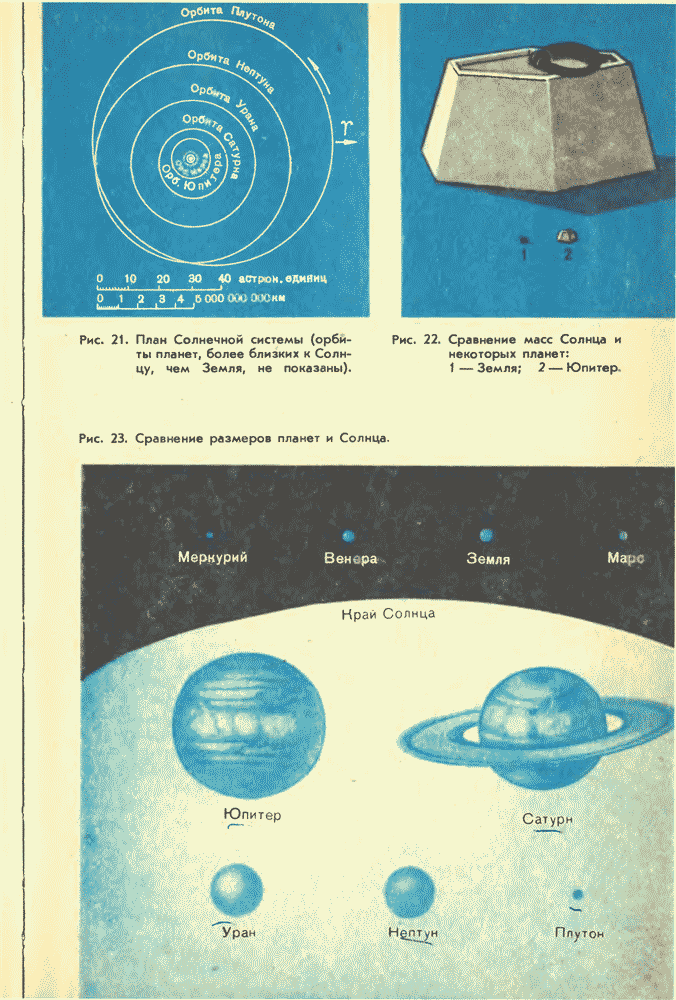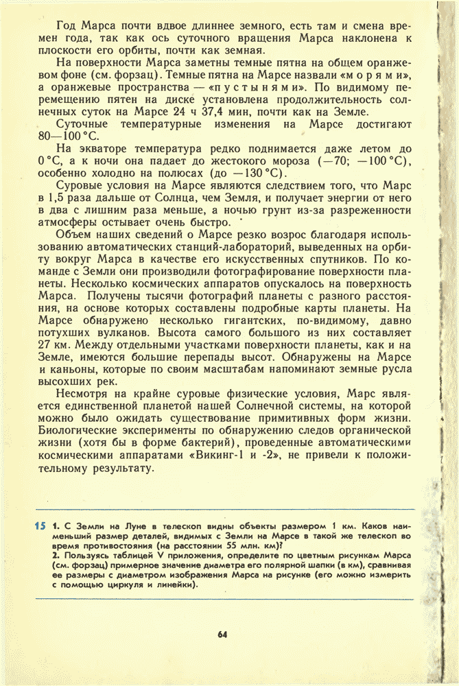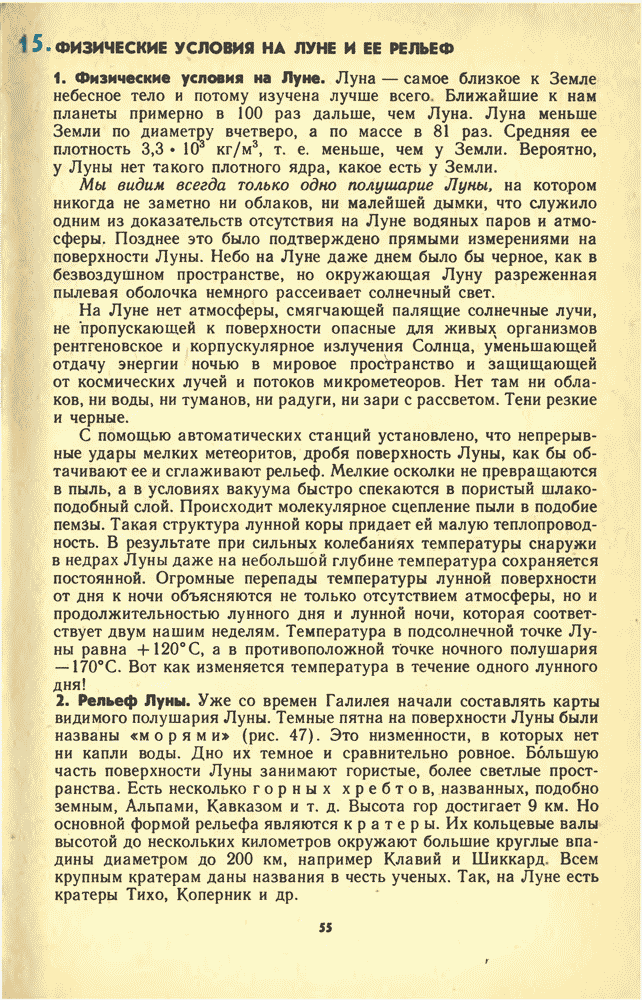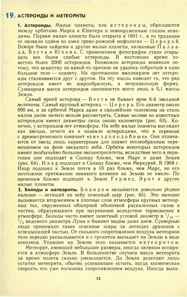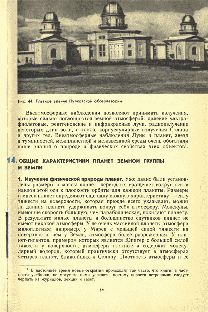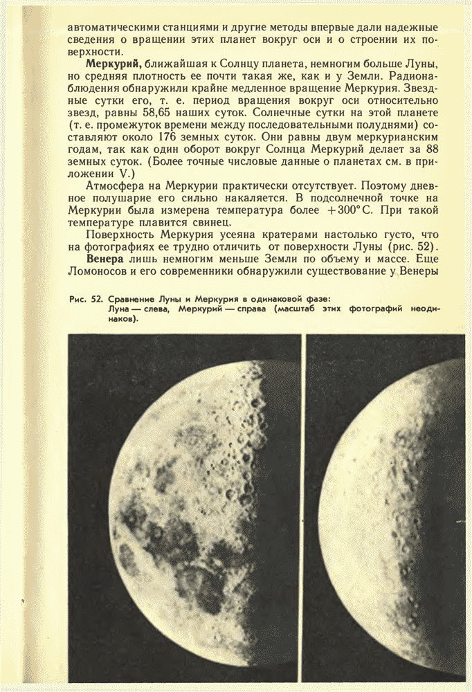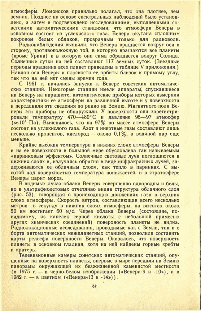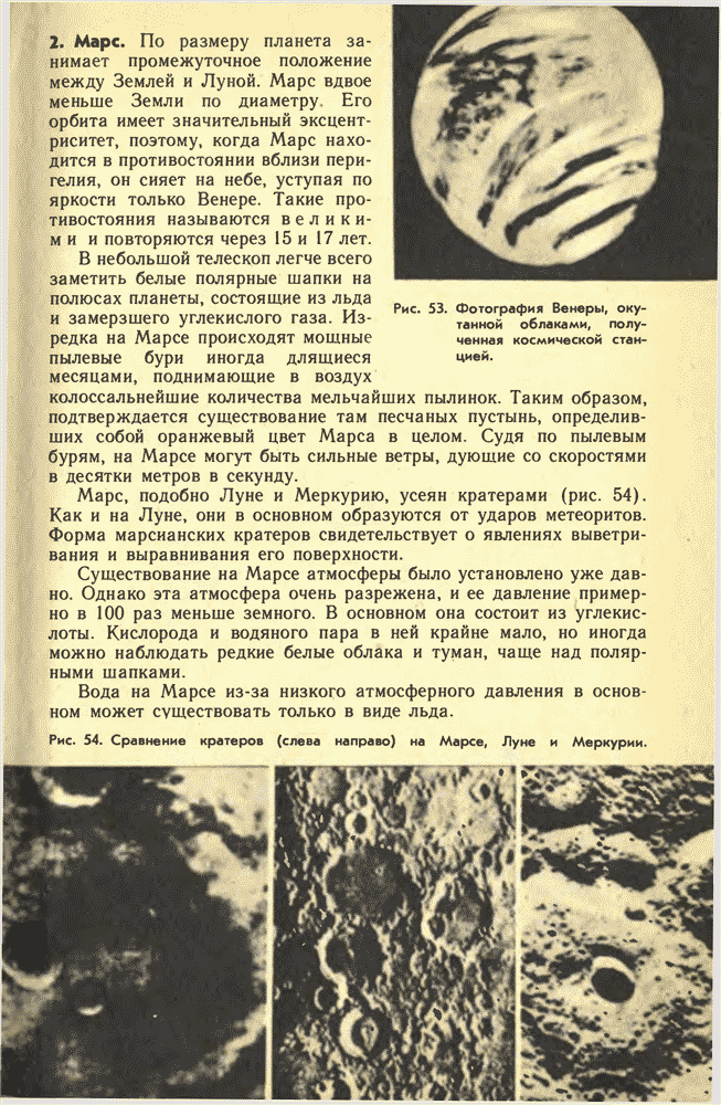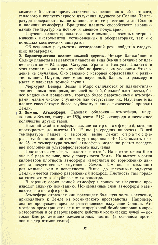 14. ОБЩИЕ ХАРАКТЕРИСТИКИ ПЛАНЕТ ЗЕМНОЙ ГРУППЫ И ЗЕМЛИ1. Изучение физической природы планет.Уже давно были установлены размеры и массы планет, период их вращения вокруг оси и наклон этой оси к плоскости орбиты для каждой планеты. Размеры и масса планет определяют еще одну важную характеристику — силу тяжести на поверхности, которая прежде всего указывает, может ли данная планета удерживать вокруг себя атмосферу. Молекулы, имеющие скорость большую, чем параболическая, покидают планету. В результате малые планеты и большинство спутников планет не имеют никакой атмосферы. У не очень массивной планеты атмосфера малоплотная; например, у Марса с меньшей силой тяжести на поверхности, чем у Земли, атмосфера более разреженная. У планет-гигантов, примером которых является Юпитер с большой силой тяжести у поверхности, атмосферы плотные и содержат молекулярный водород, который практически отсутствует в атмосферах четырех планет, ближайших к Солнцу. Плотность атмосферы и ее химический состав определяют степень поглощения в ней светового, теплового и корпускулярного излучения, идущего от Солнца. Температура поверхности планеты зависит от ее расстояния до Солнца и наличия атмосферы. Вращение планеты способствует выравниванию температур на ночном и дневном полушарии. Изучение планет проводится как с помощью наземных астрономических инструментов, установленных в обсерваториях, так и с помощью космических аппаратов. Об основных результатах исследований речь пойдет в следующих параграфах. 2. Характеристика планет земной группы.Четыре ближайшие к Солнцу планеты называются планетами типа Земли в отличие от планет-гигантов — Юпитера, Сатурна, Урана и Нептуна. Планеты в этих группах сходны между собой по физическим условиям. Это явление не случайное. Оно связано с историей образования и развития планет. Плутон, еще мало изученный, близок по размеру и массе к планетам земной группы. Меркурий, Венера, Земля и Марс отличаются от планет-гигантов меньшими размерами, меньшей массой, большей плотностью, более медленным вращением, гораздо более разреженными атмосферами, малым числом спутников или отсутствием их. Изучение этих планет способствует более глубокому знанию физической природы Земли. 3. Земля. Атмосфера.Газовая оболочка — атмосфера, окружающая Землю, содержит 18% азота, 21% кислорода и ничтожное количество других газов. Нижний слой атмосферы называется тропосферой, которая простирается до высоты 10—12 км (в средних широтах). В ней температура падает с высотой; выше лежит стратосфера — слой постоянной температуры порядка —40° С. С высоты около 25 км температура земной атмосферы медленно растет вследствие поглощения ультрафиолетового излучения. Плотность атмосферы падает с высотой. На высоте около 6 км она в 2 раза меньше, чем у поверхности Земли. На высоте в сотни километров плотность атмосферы измеряется по торможению движения искусственных спутников Земли. Там она в миллионы раз меньше, чем у поверхности. Выше, до нескольких радиусов Земли, имеется только разреженный водород. Плотность там порядка сотен атомов в кубическом сантиметре. В верхних слоях земной атмосферы солнечное излучение производит сильную ионизацию. Ионизованные слои атмосферы называются ионосферой. Атмосфера отражает или поглощает большую часть излучения, прих
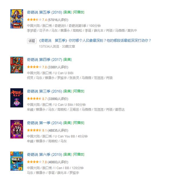 要说起国内网络的发展又如何迅速,网综和网剧就是最好的例子。从无人问津到大牌明星挤着分饼真的是短短几年就做到了,说起网综的代名词,《奇葩说》这个节目就格外有地位,这个眼见着网综事业高楼起的综艺,今年做到第六季了。
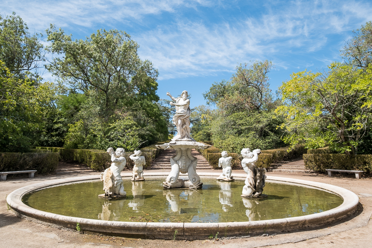We no longer have the urge to try to beat tour groups to most places, instead preferring to go mid to late afternoon, after most tour groups have gone for the day. With that in mind, one afternoon we walked over to the Roma-Areeiro train station and caught a commuter train to Queluz to visit Palácio Nacional e Jardins de Queluz (the Queluz National Palace and Gardens).
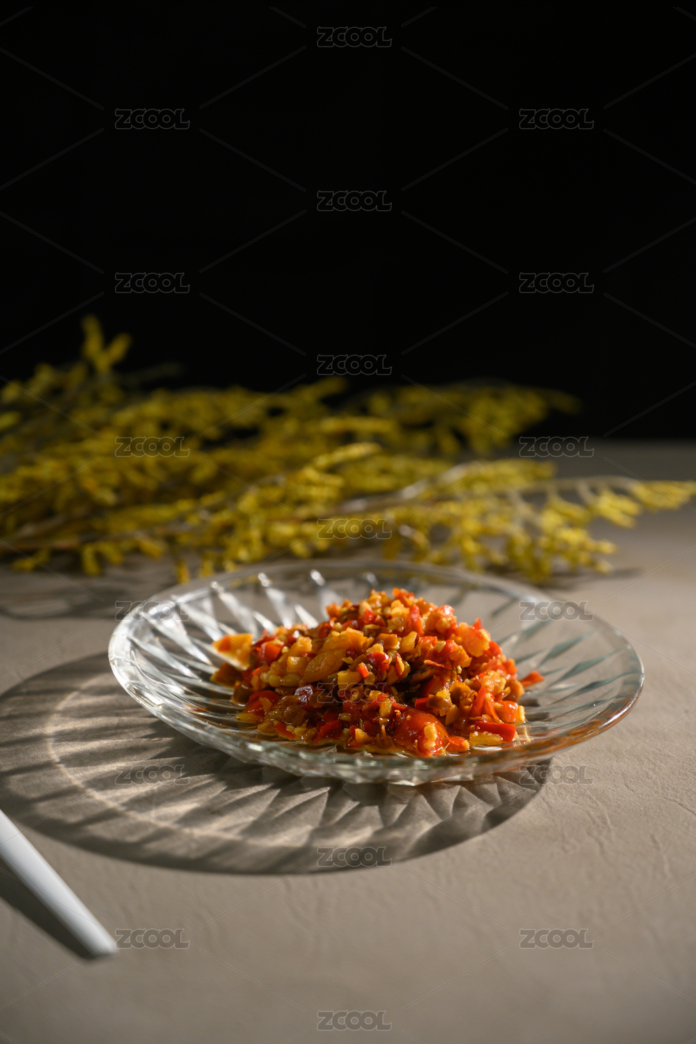 桌面上的盘子里的美味可口的青红剁椒
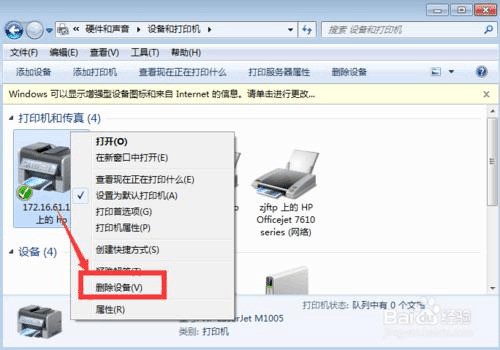 Win10系统下HP M1005打印机能打测试页,但WORD 打印文件没反应一、删除打印机

Work task »
Reproduce the final stretch of lines exactly: the line containing "要说起国内网络的发展又如何迅" through the last line of the data, both included. Pictures do not belong in the copy.

Task answer »
 要说起国内网络的发展又如何迅速,网综和网剧就是最好的例子。从无人问津到大牌明星挤着分饼真的是短短几年就做到了,说起网综的代名词,《奇葩说》这个节目就格外有地位,这个眼见着网综事业高楼起的综艺,今年做到第六季了。
We no longer have the urge to try to beat tour groups to most places, instead preferring to go mid to late afternoon, after most tour groups have gone for the day. With that in mind, one afternoon we walked over to the Roma-Areeiro train station and caught a commuter train to Queluz to visit Palácio Nacional e Jardins de Queluz (the Queluz National Palace and Gardens).
 桌面上的盘子里的美味可口的青红剁椒
 Win10系统下HP M1005打印机能打测试页,但WORD 打印文件没反应一、删除打印机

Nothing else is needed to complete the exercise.